## TASK TO COMPLETE
When you write out the records, keep every word exact and drop the pictures.

━━━ DATA UNDER STUDY ━━━

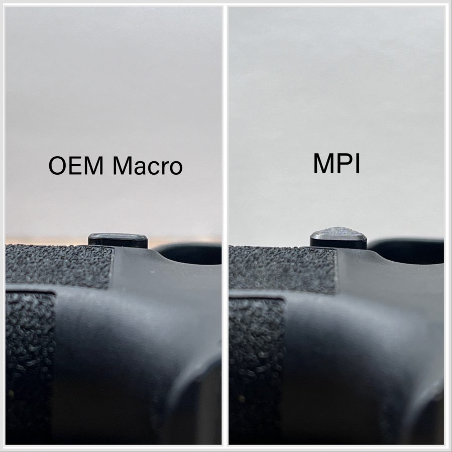 Made as a direct replacement for the oem Macro mag release to be installed on all factory and aftermarket grips/frames that require the “standard” catch.  Extended over standard P365 mag catches and maintains the same height as the factory macro catch but with a flat button profile for improved reach.
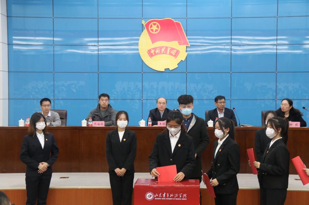 在全国上下学习宣传贯彻党的十九届六中全会精神之际,11月25日,山东青年政治学院第三次学生代表大会顺利召开。学校党委委员、副院长王林山,学生工作部部长石瑞宝,宣传部副部长乔海波,教务处副处长田园以及各学院团总支书记和全校207名优秀学生代表参加会议。会议由校团委书记孟祥佳主持。
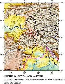 El Terremoto de Afganistán de octubre de 2009 fue un terremoto de 6,2 en la escala de magnitud de momento, que se produjo en el este de Afganistán el 23 de octubre de 2009, a las 00:21 hora local.[1]
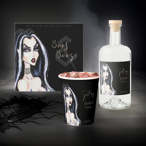 Você é só o meu tipo de sangue! Estas etiquetas de licor de Halloween captivamente pervertidas são desenhadas com uma bruxa gótica a aquarela pintada à mão e uma tipografia inteligente. Personalize com seus próprios detalhes de partido personalizado por uma noite para se lembrar!
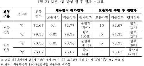 보훈가점대상자별 적용비율은 만점의 5%, 10%로 차등화돼 있는데 그는 이 가운데서도 높은 쪽인 10%를 받을 자격이 있었다. 하지만 120다산콜센터는 서류전형(100점 만점)에서 그에게 10점도, 5점도 아닌 '0.1점'을 가점으로 줬다. 그가 서류전형에서 받은 점수는 72.77점이었지만 서울시 감사위원회가 재채점해본 결과 82.67로 서류전형 합격권(3위)이었다.
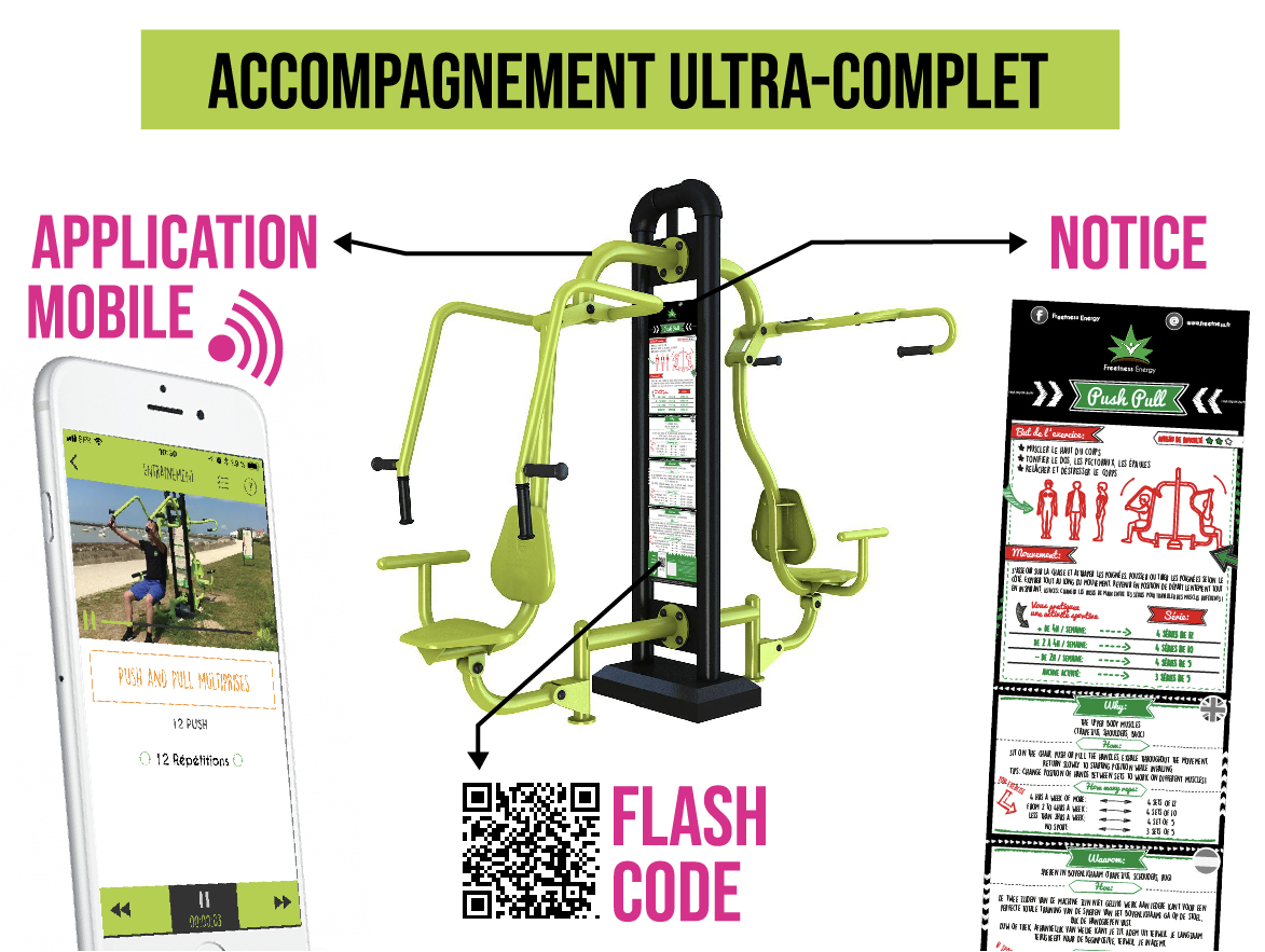 Parce que la première des sécurités est de bien utiliser les appareils, nous avons développé et équipé nos appareils de fitness de plans d’entraînements mais également de flash codes et d’une application mobile gratuite.
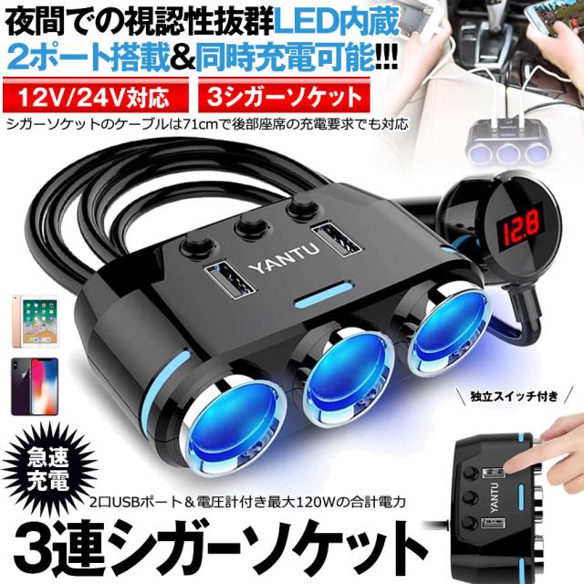 シガーソケット分配器 3連 2口 USBポート 増設 カーチャージャー 電圧計 車載充電器 12V 24V 対応 カー用品 自動車 急速充電QC3.0 LED付
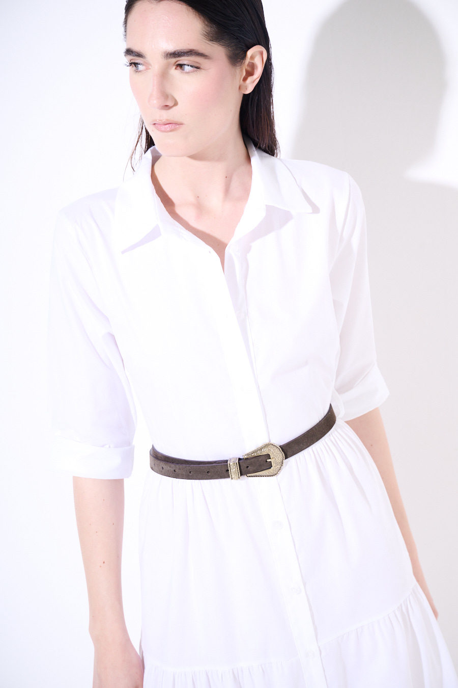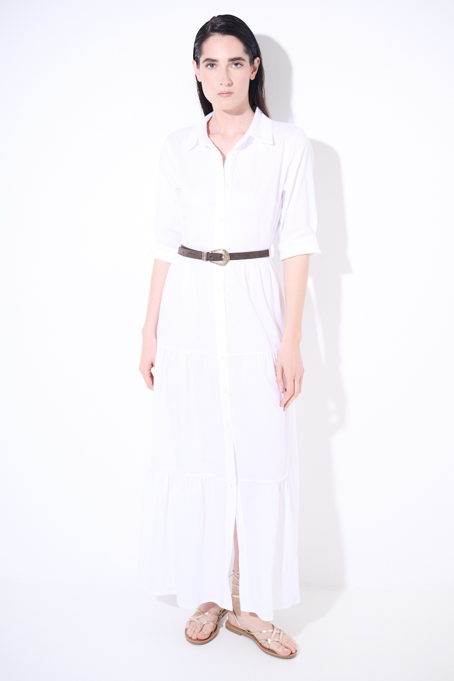 Abito chemisier lungo in popeline con manica a 3/4, abbottonatura centrale e a balze, con cintura
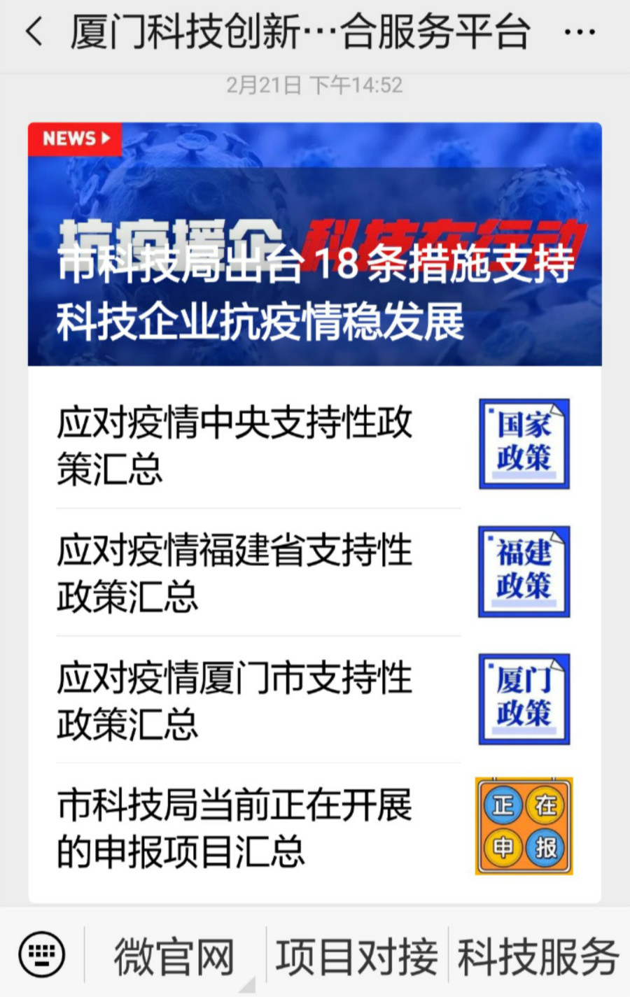 新型冠狀病毒肺炎疫情來(lái)勢(shì)洶洶,中小微企業(yè)經(jīng)營(yíng)生產(chǎn)遭受嚴(yán)重影響,國(guó)家、省、市密集出臺(tái)了多項(xiàng)抗疫援企的政策舉措,幫助企業(yè)共渡難關(guān)。作為廈門市首家科技服務(wù)“一站式”公共服務(wù)平臺(tái)——廈門科技創(chuàng)新創(chuàng)業(yè)綜合服務(wù)平臺(tái)的運(yùn)營(yíng)單位,廈門科技交流中心在市科技局、科技集團(tuán)的指導(dǎo)下,體現(xiàn)科技服務(wù)特色,利用微信公眾號(hào)及時(shí)向企業(yè)推送政策信息。一是率先推出科技抗疫18條措施咨詢方式。2月13日,市科技局發(fā)布了《關(guān)于全力支持科技企業(yè)抗疫情穩(wěn)發(fā)展的若干措施》,企業(yè)如何兌現(xiàn)這些幫扶措施,交流中心急企業(yè)所需,主動(dòng)對(duì)接市科技局業(yè)務(wù)處室,逐條落實(shí)主管處室和經(jīng)辦人,率先推出18條措施對(duì)應(yīng)的業(yè)務(wù)處室及咨詢電話,獲得市科技局肯定和企業(yè)好評(píng)。二是及時(shí)推出市科技局申報(bào)項(xiàng)目匯總。疫情期間諸多科技項(xiàng)目申報(bào)延期的情況,為方便企業(yè)及時(shí)了解各項(xiàng)申報(bào)信息,交流中心以申報(bào)截止時(shí)間為序,逐一梳理市科技局目前正在開(kāi)展的科技項(xiàng)目,推送信息一經(jīng)發(fā)布即獲得大量轉(zhuǎn)發(fā),反響顯著。三是推出應(yīng)對(duì)疫情支持性政策匯總。逐一梳理中央、福建省、廈門市應(yīng)對(duì)疫情出臺(tái)的各項(xiàng)政策舉措,形成政策原文匯總,方便企業(yè)了解、查詢。下一步,科技交流中心還將依托科技創(chuàng)新創(chuàng)業(yè)綜合服務(wù)平臺(tái),探索網(wǎng)絡(luò)直播政策解讀等方式,服務(wù)企業(yè),服務(wù)創(chuàng)新,服務(wù)發(fā)展。
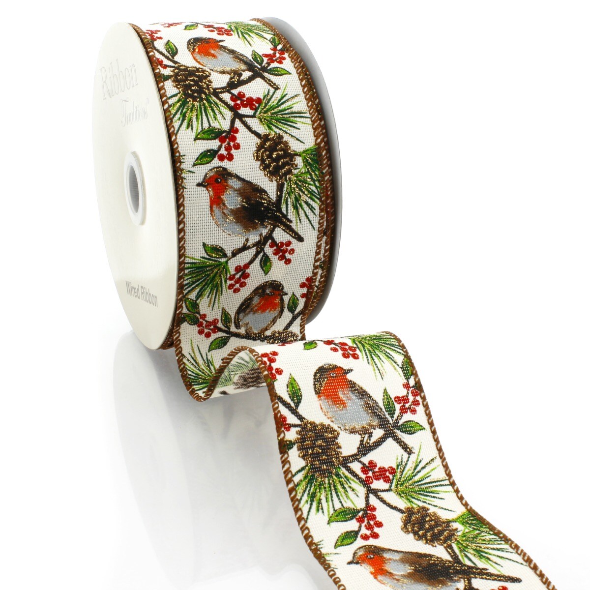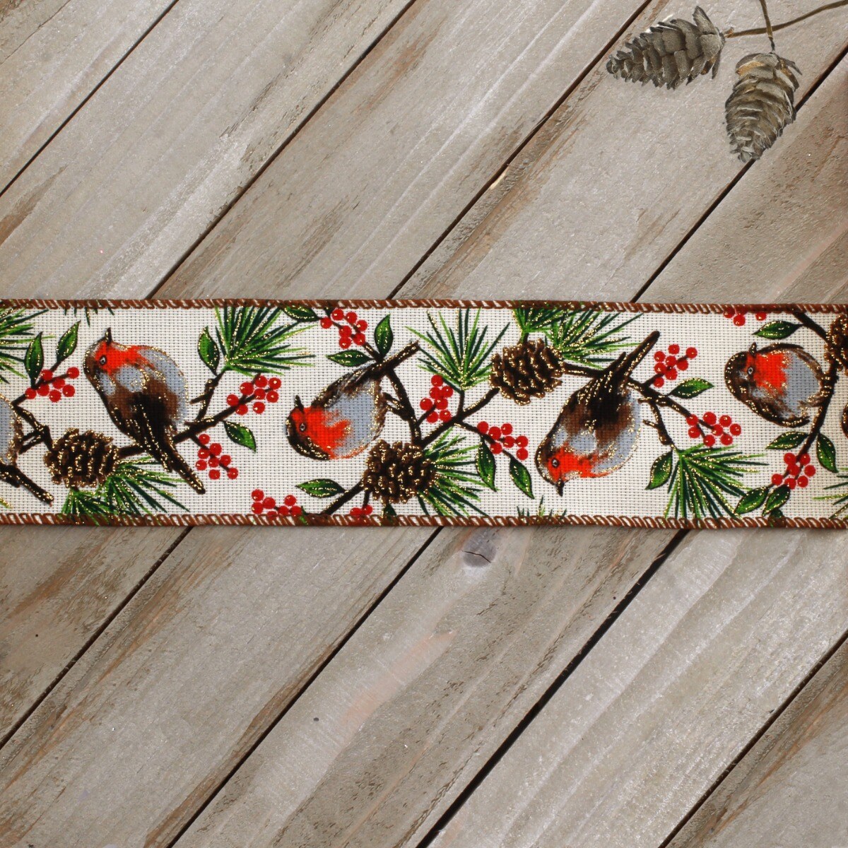 2 1/2" Wired Ribbon Winter Robin - 10 Yards

━━━

## SOLVED PROBLEM
 Made as a direct replacement for the oem Macro mag release to be installed on all factory and aftermarket grips/frames that require the “standard” catch.  Extended over standard P365 mag catches and maintains the same height as the factory macro catch but with a flat button profile for improved reach.
 在全国上下学习宣传贯彻党的十九届六中全会精神之际,11月25日,山东青年政治学院第三次学生代表大会顺利召开。学校党委委员、副院长王林山,学生工作部部长石瑞宝,宣传部副部长乔海波,教务处副处长田园以及各学院团总支书记和全校207名优秀学生代表参加会议。会议由校团委书记孟祥佳主持。
 El Terremoto de Afganistán de octubre de 2009 fue un terremoto de 6,2 en la escala de magnitud de momento, que se produjo en el este de Afganistán el 23 de octubre de 2009, a las 00:21 hora local.[1]
 Você é só o meu tipo de sangue! Estas etiquetas de licor de Halloween captivamente pervertidas são desenhadas com uma bruxa gótica a aquarela pintada à mão e uma tipografia inteligente. Personalize com seus próprios detalhes de partido personalizado por uma noite para se lembrar!
 보훈가점대상자별 적용비율은 만점의 5%, 10%로 차등화돼 있는데 그는 이 가운데서도 높은 쪽인 10%를 받을 자격이 있었다. 하지만 120다산콜센터는 서류전형(100점 만점)에서 그에게 10점도, 5점도 아닌 '0.1점'을 가점으로 줬다. 그가 서류전형에서 받은 점수는 72.77점이었지만 서울시 감사위원회가 재채점해본 결과 82.67로 서류전형 합격권(3위)이었다.
 Parce que la première des sécurités est de bien utiliser les appareils, nous avons développé et équipé nos appareils de fitness de plans d’entraînements mais également de flash codes et d’une application mobile gratuite.
 シガーソケット分配器 3連 2口 USBポート 増設 カーチャージャー 電圧計 車載充電器 12V 24V 対応 カー用品 自動車 急速充電QC3.0 LED付
 Abito chemisier lungo in popeline con manica a 3/4, abbottonatura centrale e a balze, con cintura
 新型冠狀病毒肺炎疫情來(lái)勢(shì)洶洶,中小微企業(yè)經(jīng)營(yíng)生產(chǎn)遭受嚴(yán)重影響,國(guó)家、省、市密集出臺(tái)了多項(xiàng)抗疫援企的政策舉措,幫助企業(yè)共渡難關(guān)。作為廈門市首家科技服務(wù)“一站式”公共服務(wù)平臺(tái)——廈門科技創(chuàng)新創(chuàng)業(yè)綜合服務(wù)平臺(tái)的運(yùn)營(yíng)單位,廈門科技交流中心在市科技局、科技集團(tuán)的指導(dǎo)下,體現(xiàn)科技服務(wù)特色,利用微信公眾號(hào)及時(shí)向企業(yè)推送政策信息。一是率先推出科技抗疫18條措施咨詢方式。2月13日,市科技局發(fā)布了《關(guān)于全力支持科技企業(yè)抗疫情穩(wěn)發(fā)展的若干措施》,企業(yè)如何兌現(xiàn)這些幫扶措施,交流中心急企業(yè)所需,主動(dòng)對(duì)接市科技局業(yè)務(wù)處室,逐條落實(shí)主管處室和經(jīng)辦人,率先推出18條措施對(duì)應(yīng)的業(yè)務(wù)處室及咨詢電話,獲得市科技局肯定和企業(yè)好評(píng)。二是及時(shí)推出市科技局申報(bào)項(xiàng)目匯總。疫情期間諸多科技項(xiàng)目申報(bào)延期的情況,為方便企業(yè)及時(shí)了解各項(xiàng)申報(bào)信息,交流中心以申報(bào)截止時(shí)間為序,逐一梳理市科技局目前正在開(kāi)展的科技項(xiàng)目,推送信息一經(jīng)發(fā)布即獲得大量轉(zhuǎn)發(fā),反響顯著。三是推出應(yīng)對(duì)疫情支持性政策匯總。逐一梳理中央、福建省、廈門市應(yīng)對(duì)疫情出臺(tái)的各項(xiàng)政策舉措,形成政策原文匯總,方便企業(yè)了解、查詢。下一步,科技交流中心還將依托科技創(chuàng)新創(chuàng)業(yè)綜合服務(wù)平臺(tái),探索網(wǎng)絡(luò)直播政策解讀等方式,服務(wù)企業(yè),服務(wù)創(chuàng)新,服務(wù)發(fā)展。
 2 1/2" Wired Ribbon Winter Robin - 10 Yards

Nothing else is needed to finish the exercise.